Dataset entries

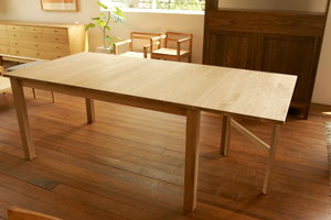| 来月はレギュラーダイニングテーブルの予約が多い。 たまたま、重なって先月から、10台以上作っている。実際良く出来たダイニングテーブルだと、我ながら思っている。 やるべき仕事はきちんと発揮できるミニマムワーク&(バット)ハイクオリティーである。 お客さんの満足度も高く、こういったテーブルを提供できる事に感謝している。 余計な部分に手間をいっさいかけず、木柄選びや、クオリティーを高める事に徹したテーブルである。 だから当然のように、木は美しく、テーブルは場に馴染む訳だ。 このテーブルに関して不満はないし、もちろん作り続けていく。 それでも、このテーブルとは違った、新しいテーブルも作っていこうと思う。 感動レベルの物に少しでも近付きたい。 椅子にしてもそうである。チェストやカップボードにしてもそうである。 僕の妄想や理想や現実の中で、じわじわと出てきている「あいつら」をつかまえたい。 ムリクリしても壊れそうな程繊細なくせに、何度も何度もわいてくる「あいつら」、、、。 手強い。 |
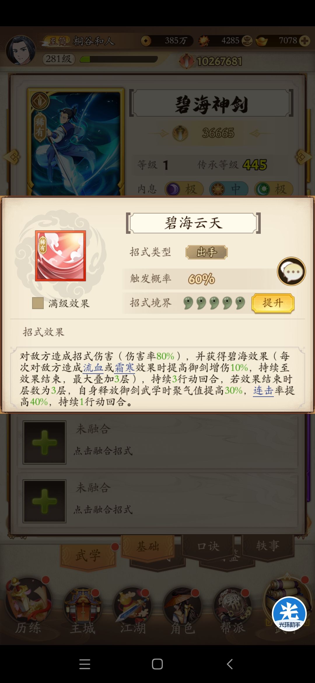 让我们先了解碧海的效果。除了中规中矩的60%出手率和80%招伤以外。拥有的核心机制效果为(御剑增伤)(定点40%连击率)(定点聚气提升拉条效果)。
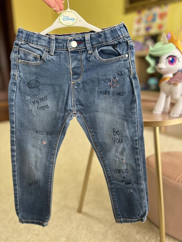 Джинсы с принтом от фирмы Zara, размер 98см, но могут быть и быстрее, и дольше, потому что их можно подкачивать, внутри они бордового оттенка. В хорошем состоянии
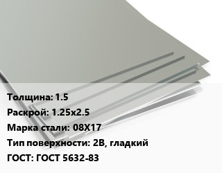 Лист нержавеющий 1.5 1.25х2.5 Сталь: 08Х17 Тип:2B, гладкий ГОСТ 5632-83
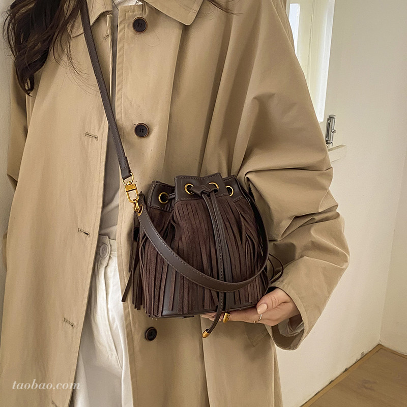 复古流苏包包女2025新款潮美拉德风麂皮绒水桶包百搭ins斜挎包
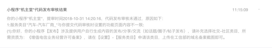 我们随后增加了社区论坛的类目,通过审核后再次提交,然后还是没有过审,目前删除汽车厂商类目是否可以解决该问题?
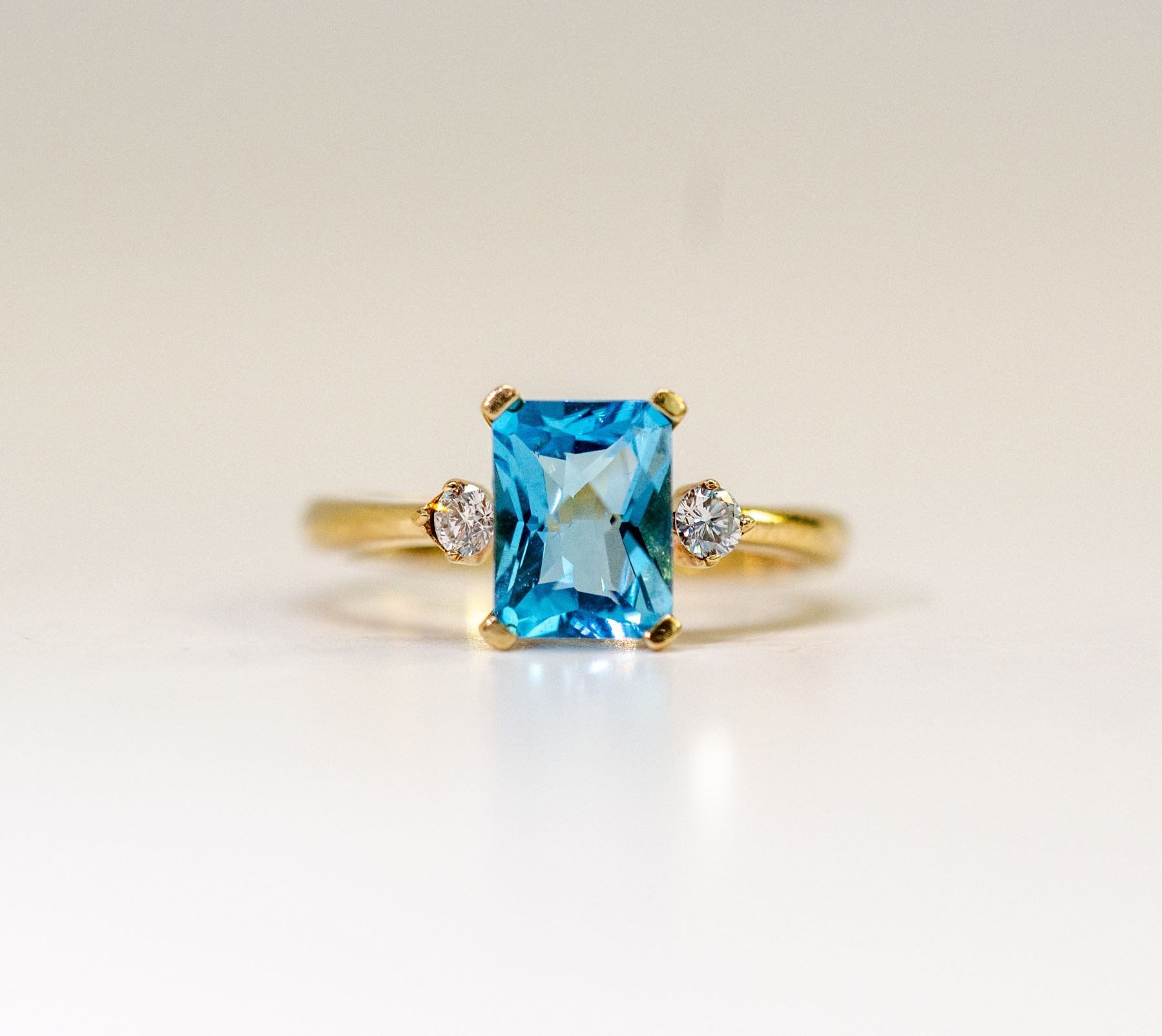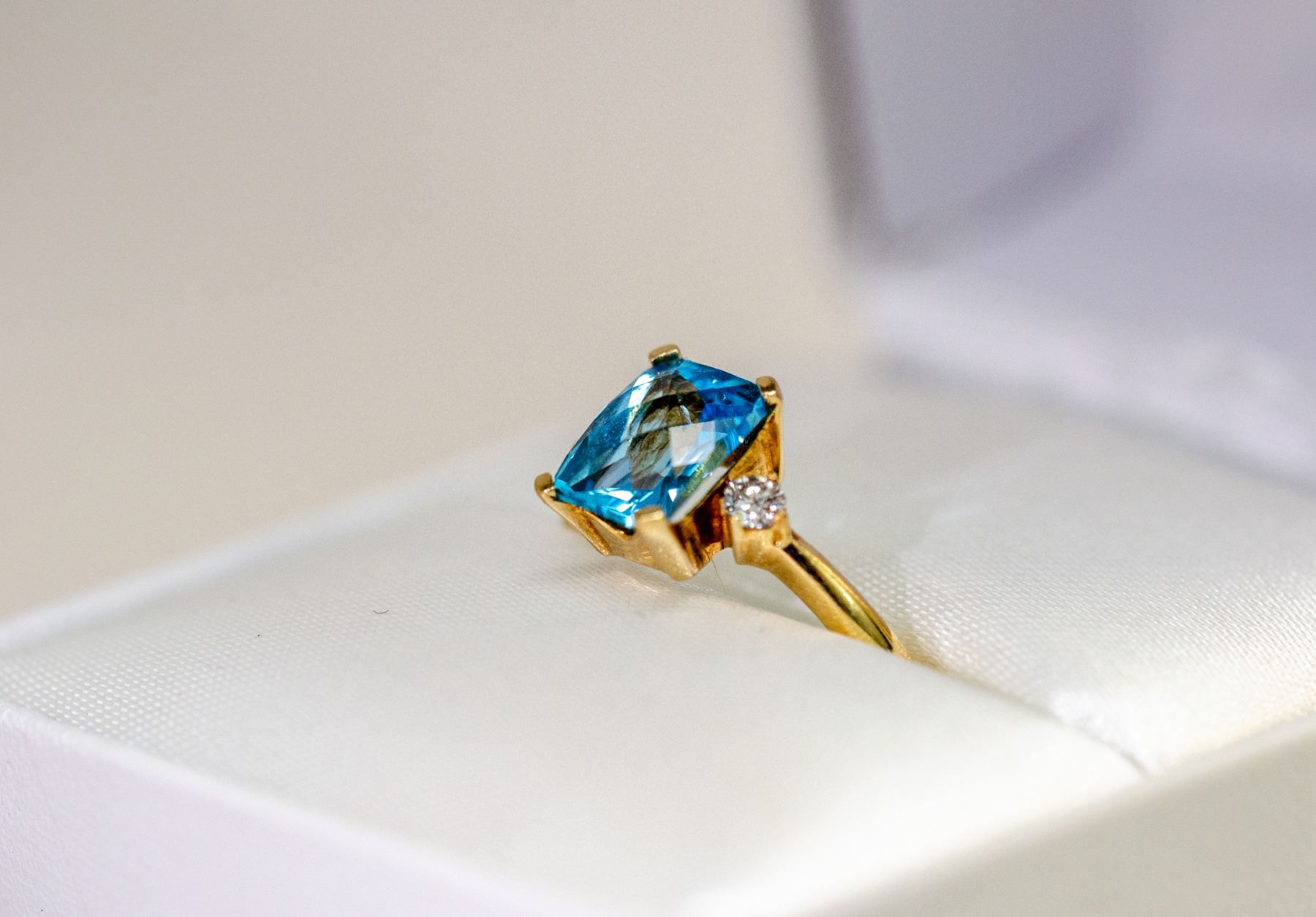 SIZE-5.25 A 14 KARAT YELLOW GOLD BLUE TOPAZ AND DIAMOND RING THE BRIGHT POLISHED MOUNT WITH DIAMOND SET SHOULDERS CENTER A FOUR PRONG SET, RECTANGULAR SHAPED, CHECKER FACETED NATURAL BLUETOPAZ MCASURING 8.08 - 6.10 X440 MM. TONE MEDIUM DARK, HUE SWISS BLUE. THE BLUC TOPAZ WEIGHS 2.00 CARATS THE SHOULDERS OF THE MOUNT ARE SCT WITH, TWO ROUND BRILLIANT CUT DIAMONDS MEASURING. 2.50 MM. CLARITY GRADE VS. COLOUR GRADE L TOTAL DIAMOND WEIGHT 0.12 CARAT. TOTAL WEIGHT 3.00 GRAMS. CERTIFICATE OF APPRAISAL FROM LOCAL APPRAISER,SUGGESTED INSURANCE COVERAGE $1400.00.
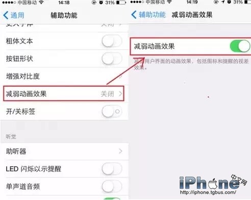 打開設置——通用——輔助功能——減少動態效果,然後點擊按鈕打開就可以了。開啟動畫效果會使內存占用更多,打開這個功能,在一定程度上能讓你的iPhone在運行更快更省電。
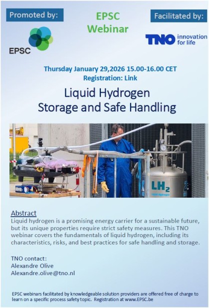 Join us for the EPSC Webinar: Liquid Hydrogen Storage and Safe Handling hosted by the European Process Safety Centre and presented by John Zevenbergen (TNO). The webinar will take place on 29 January 2026 at 15:00 CET.
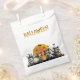 Los Gatitos De Halloween De Fantasma Negra A Rayas Negra Favorecen La Bolsa. Un gatito de Halloween adorable, blanco y negro, con una luna de otoño.
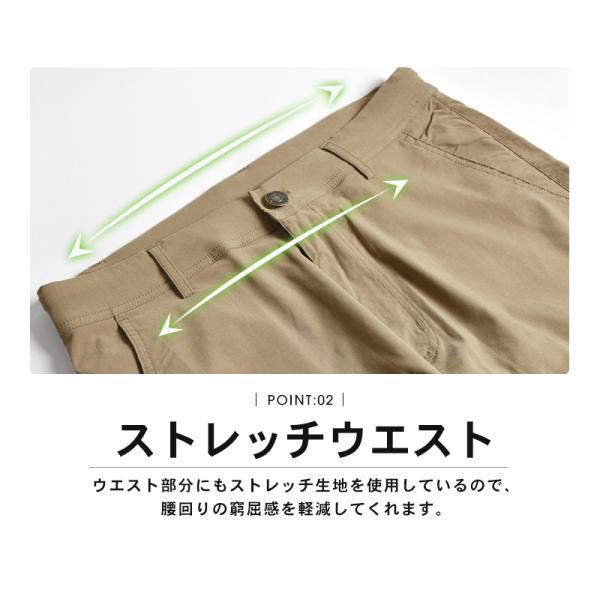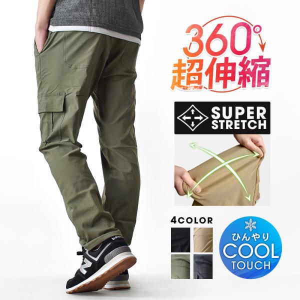 DRYストレッチ カーゴパンツ メンズ 超伸縮 接触冷感 UVカット 無地 スマホポケット 送料無料 通販Y
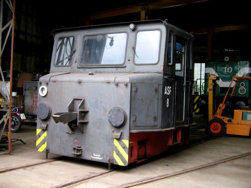 Das Akkuschleppfahrzeug ASF48 steht heute arbeitslos im Lokschuppen II des Bw Falkenberg(Elster) unterer Bahnhof. Er soll einmal Bestandteil der dortigen Fahrzeugausstellung werden, wenn die Bahn den Lokschuppen zu einem erschwinglichen Preis an das Brandenburgische Eisenbahnmuseum Falkenberg übergibt. Hier konnte er beim Bahnhofsfest betrachtet werden, 26.09.04. Harald Neumann
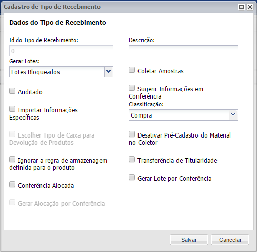 - Só será possível a ativação do parâmetro Gerar Lote por Conferência se a classificação do Tipo de Recebimento for igual a: Compra, Devolução Parcial, Devolução Total ou Reentrega.
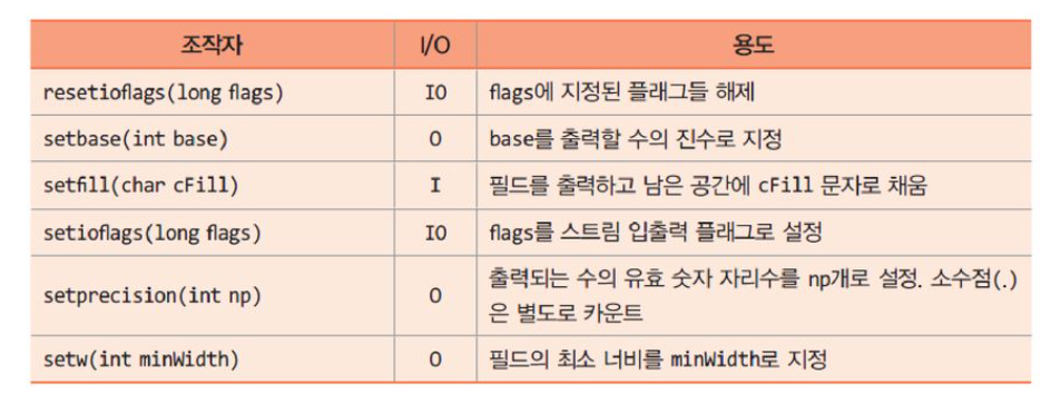 - 조작자는 사용하기 쉽고 출력 코드를 간결하게 만들기 때문에, setf(), width(), fill(), precision() 등의 멤버 함수보다 조작자의 사용을 권한다.
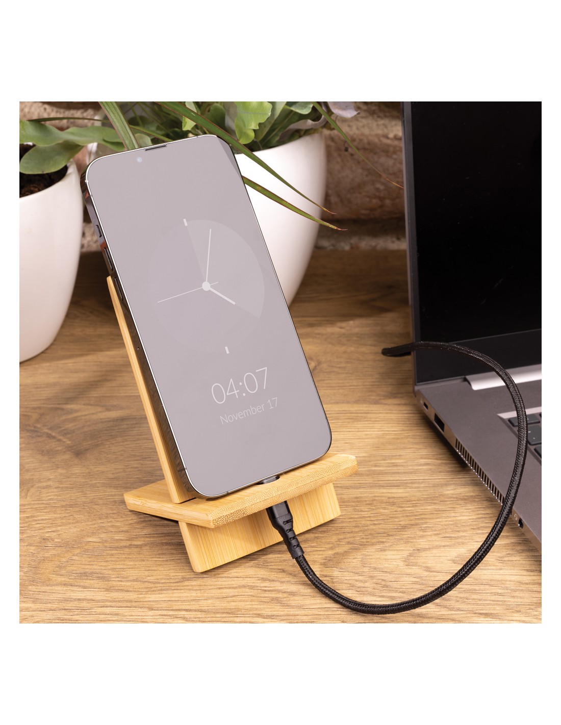 Supporto per smartphone realizzato in bambù. Ideale per la tua scrivania a casa o in ufficio.
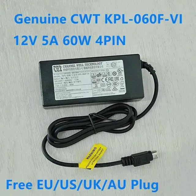 • Aomoproing CWT KPL-060F-VI 12V 5A 4PIN 60W AC Adapter Charger For 7816HW 7808HW Monitor Display Power Supply Charger
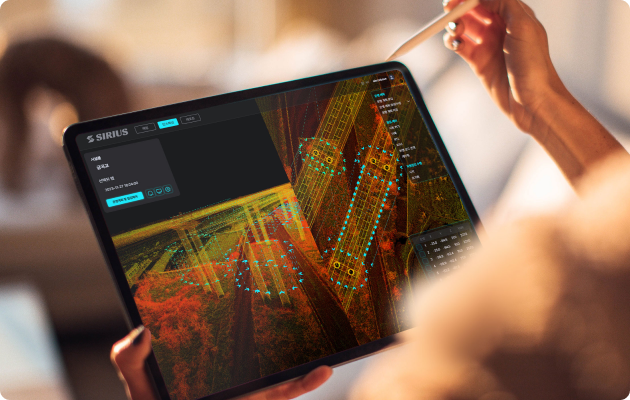 라이다 센서를 활용해 현장의 모든 데이터를 3D로 실시간 수집합니다.
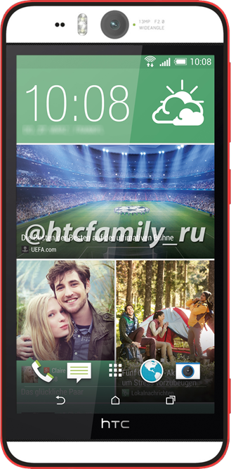 Op een aantal afbeeldingen van HTCFamily zien we ook de achterkant van de telefoon. Het lijkt er op dat het gaat om dezelfde camera als op de voorkant. Verder zien we de voorkant in het rood met wit en blauw met een ontwerp dat veel op dat van de HTC Desire 820 lijkt.
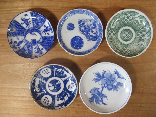 - ◆図変わり印判皿:13:◆5種5枚完品◆『唐子踊り:丸紋賢人:幾何学緑印判:丸紋東屋:染付印判牡丹』◆大正明治◆取り皿:小皿◆
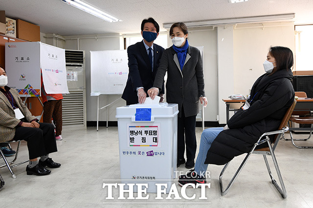 [더팩트ㅣ남용희 기자] 이인영 더불어민주당 원내대표(왼쪽)와 부인 이보은 씨가 10일 오전 서울 구로구 오류 제1동 주민센터 사전투표소에서 투표를 하고 있다.
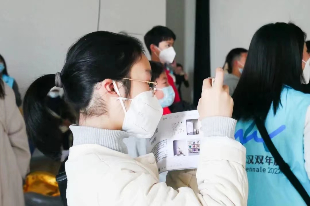 活動(dòng)當(dāng)天,2022武漢雙年展高校志愿者為師生團(tuán)體介紹了武漢美術(shù)館(琴臺(tái)館)的建筑設(shè)計(jì),為師生導(dǎo)覽2022首屆武漢雙年展在琴臺(tái)館展出的三大展覽專(zhuān)題。
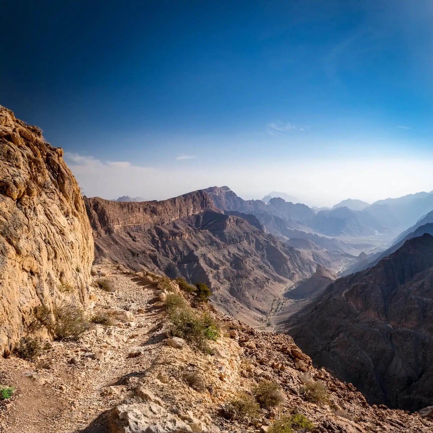 Heute erwartet Sie ein Highlight: der berühmte Balcony Walk am Jebel Shams. Diese moderate Wanderung entlang des spektakulären Canyons bietet unvergessliche Ausblicke. Am Nachmittag erkunden Sie das historische Lehmziegeldorf Al Hamra. Danach Rückfahrt nach Muscat, wo Sie Ihren letzten Abend entspannt ausklingen lassen können.
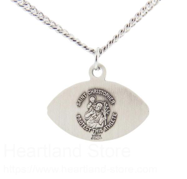 Love football? You'll love this pendant too! This medal is designed in a football shape on the front and on the back is a raised image of Saint Christopher. The back of the pendant reads "Saint Christopher Protect This Athlete".
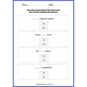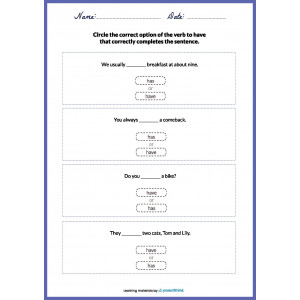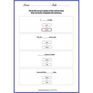 These printable worksheets are a great learning activity that helps a child learn to conjugate the verb “to have” confidently. This verb is irregular and has a long history. Practicing with these resources, students need to choose one correct option from the two given. Children should circle, shade, or color the correct verb form.
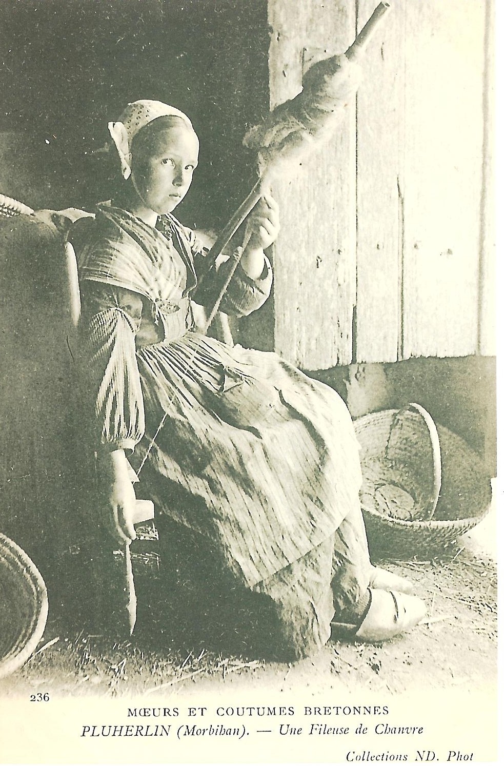 Carte postale ancienne : fileuse de chanvre de PluherlinImmatriculation
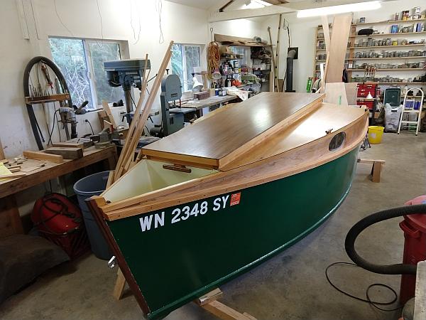 Sail rig is a large but simple 139 square foot balanced lug on an 18' mast. Mast is stepped off center to allow you to walk upright down the slot top and out the front. Should be rigged in an instant with no one going on deck ever. All very low tech built with common materials but effective.

§ **Required work**: Copy word for word the span of the records above that begins at the line with "Los Gatitos De" and ends at the line with "DRYストレッチ カーゴパンツ メンズ", including those two lines but not the pictures.

§ **Your solution**:
 Los Gatitos De Halloween De Fantasma Negra A Rayas Negra Favorecen La Bolsa. Un gatito de Halloween adorable, blanco y negro, con una luna de otoño.
 DRYストレッチ カーゴパンツ メンズ 超伸縮 接触冷感 UVカット 無地 スマホポケット 送料無料 通販Y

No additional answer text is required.